The fluctuation of particle position under each power setting was recorded with a CCD camera using the following settings: 200 frames per second and 5 ms exposure time. To estimate the position of each particle per frame, edge detection was performed on the trapped particles using the Matlab function “Canny filter”. Then, the Hough circle transform was applied to predict the most probable position of the contour of the particle in each frame. Finally, the center of the particle contour was determined and saved for further analysis. Each step is illustrated in Figure S2 (a and b) and an example of the detected edge overlaid on an image of an optically trapped \(10\;\mu \hbox {m}\) particle is shown in the Figure S2c.

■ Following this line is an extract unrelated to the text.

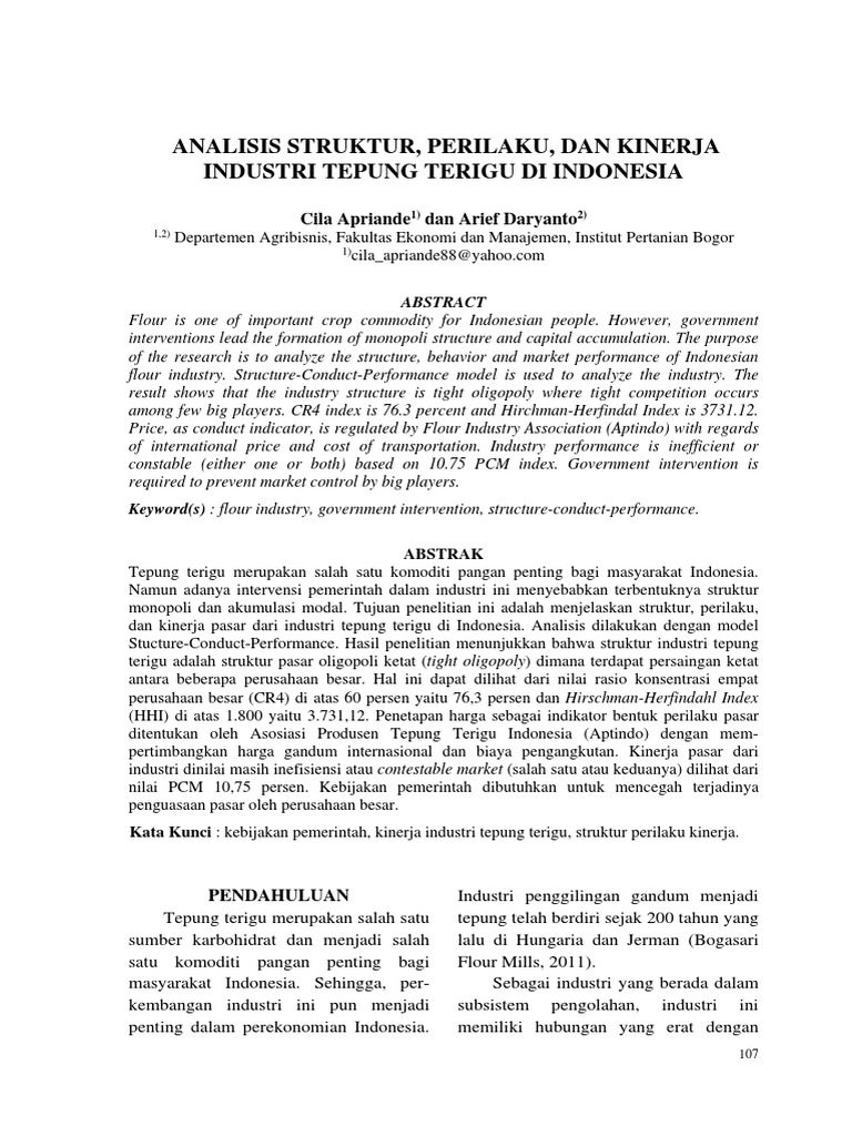 ANALISIS STRUKTUR, PERILAKU, DAN KINERJA INDUSTRI TEPUNG TERIGU DI INDONESIA | Forum Agribisnis : Agribusiness Forum

Optical stretching of human breast cancer cells

Michigan Cancer Foundation-7 (MCF-7), a human breast cancer cell line was used for the optical stretching experiments. Cells were cultured in Dulbecco’s Modified Eagle Medium (DMEM) Ham F-12 (Biochrom, 51448C, Berlin, Germany) supplemented with 10% Fetal bovine serum (FBS) and 1% penicillin/streptomycin solution (P/S) and maintained in 37\(^{o}\)C/5% CO\(_{2}\) incubator. Cells were harvested at 90% confluency. For cell harvesting, the culture dish was first washed twice with 3 ml Dulbecco’s phosphate-buffered saline (DPBS) and incubated in 3 ml TrypLE (12604013, Thermo Fisher, Massachusetts, USA) at 37 \(^{o}\)C/5% CO\(_{2}\) for 5 min. Afterwards, 7 ml fresh culture medium was added to the dish to deactivate the activity of TrypLE. 1 ml of the cell suspension was transferred into a new dish with 9 ml culture medium, for further cell cultivation, and the remaining cells were used for the experiments. The culture medium was changed every 4 days.

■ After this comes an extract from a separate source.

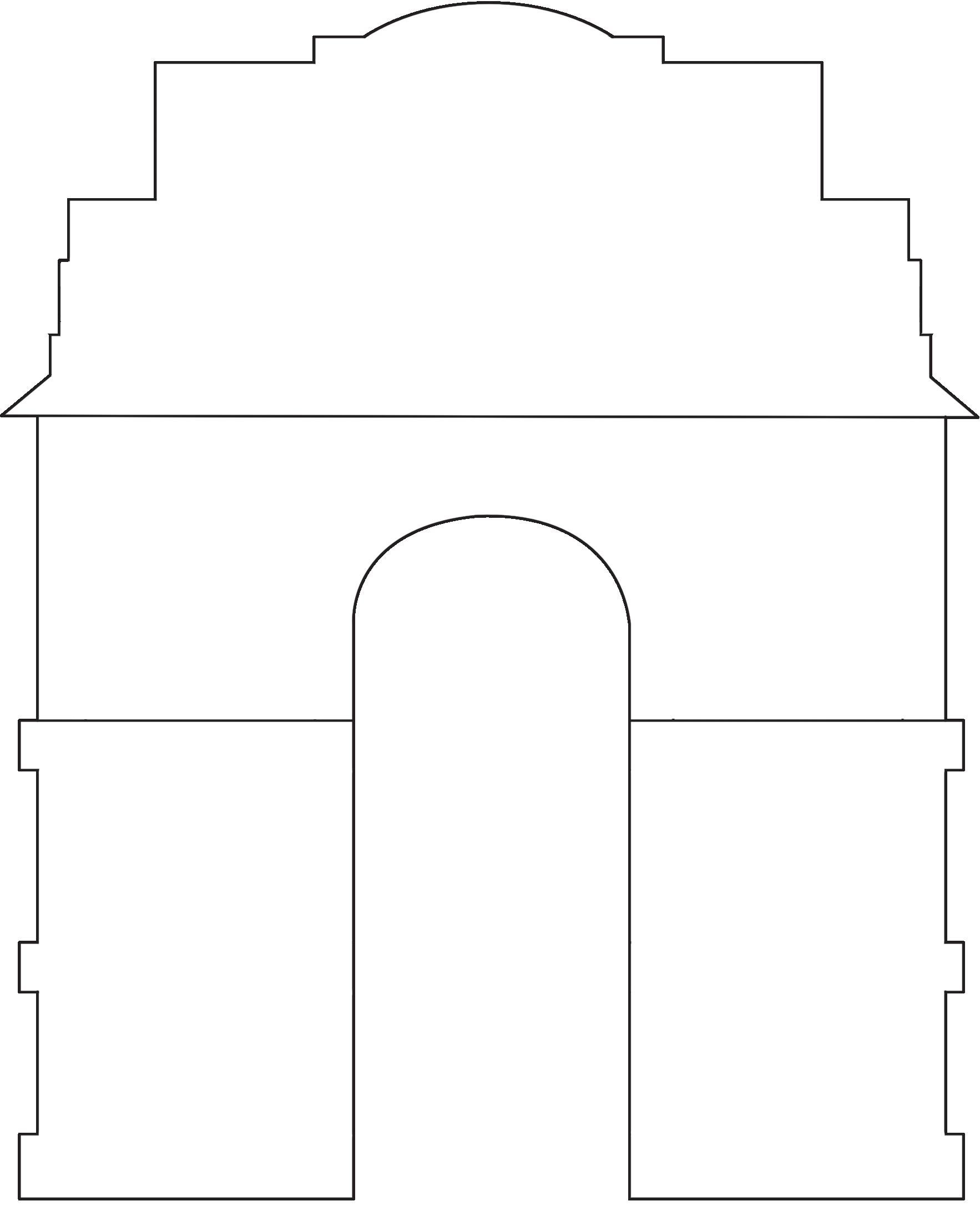 Tear and paste tricolour origami paper inside the picture of the India Gate.

To determine the effects of pyrichalasin H, MCF-7 cells were incubated in complete medium with \(50\,\upmu \mathrm{g}/\mathrm{ml}\) pyrichalasin H for 1 hour. Then, cells were dissociated and flowed through the middle channel of the microfluidic chip. Cell culture medium supplemented with \(50\,\upmu \mathrm{g}/\mathrm{ml}\) pyrichalasin H was also flowed into the buffer channel. The stretching protocol was performed as follows: first, a single cell was trapped by the laser with a power of 200 mW emitted by each fiber. Once the cell was trapped stably, the laser power was reduced to 140 mW and maintained for 10 s. Then, the laser power was increased up to 500 mW within 2 s to stretch the cells. After 7 s, the laser power was reduced to 140 mW. All cell experiments followed the same protocol. The stretching process was recorded continuously with an exposure time of 15 ms at 66.7 fps.

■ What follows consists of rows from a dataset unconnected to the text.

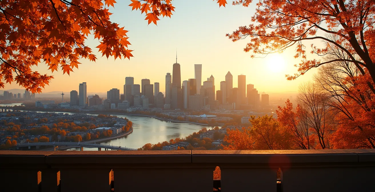 N’hésitez pas à vous décaler complètement sur les extrémités est ou ouest de la terrasse. Vous pourrez ainsi utiliser les arbres et les branches comme avant-plan naturel, surtout en automne avec les couleurs flamboyantes des érables. Ces éléments au premier plan aident à guider l’œil du spectateur vers le centre-ville et à créer une sensation d’immersion. Pensez également à varier la hauteur de votre appareil. Une prise de vue au ras du muret en pierre peut offrir une perspective surprenante et mettre en valeur sa texture.
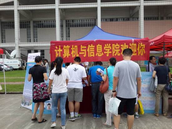 6月25日上午,“2015年部委高校在皖招生咨询会”在我校翡翠湖校区东操场隆重举行。为加大今年的高招宣传力度,切实提高杏吧原创 生源质量,学院各系所任课老师和辅导员亲临高招咨询会现场,为广大考生及其家长提供咨询。
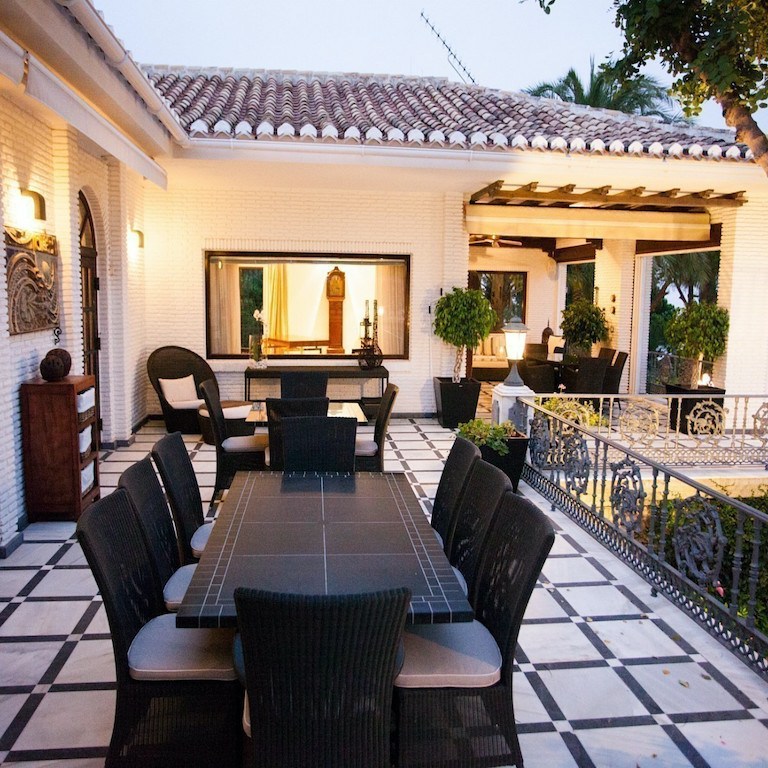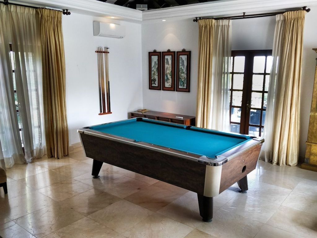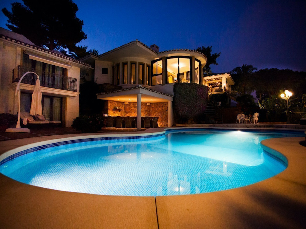 Sonos music system on terraces, in pool bar, upper terrace and library / bar. Controlled from your iPhone / iPad / Android Saltwater pool Outdoor shower by pool Sauna Living room, kitchen and all bedrooms have installed air conditioning. Outdoor antenna for wireless internet is installed to provide internet coverage in the garden and large parts of the house. 2 meter high wall around the entire property which provides very safe stay, and no danger of small children leaving the property. Weekly rentals are primarily Saturday to Saturday – but are flexible in low season

Compared to the optically trapped particles, the cell boundaries were harder to visualize due to their poorer contrast with the imaging scheme used. Therefore, the contrast of the images was first enhanced, and the edges of the cell were extracted by Canny edge detection. The cell boundaries were further refined by connecting any gaps using morphological operations, dilation and erosion. An example of the detection process is shown in Figure S3.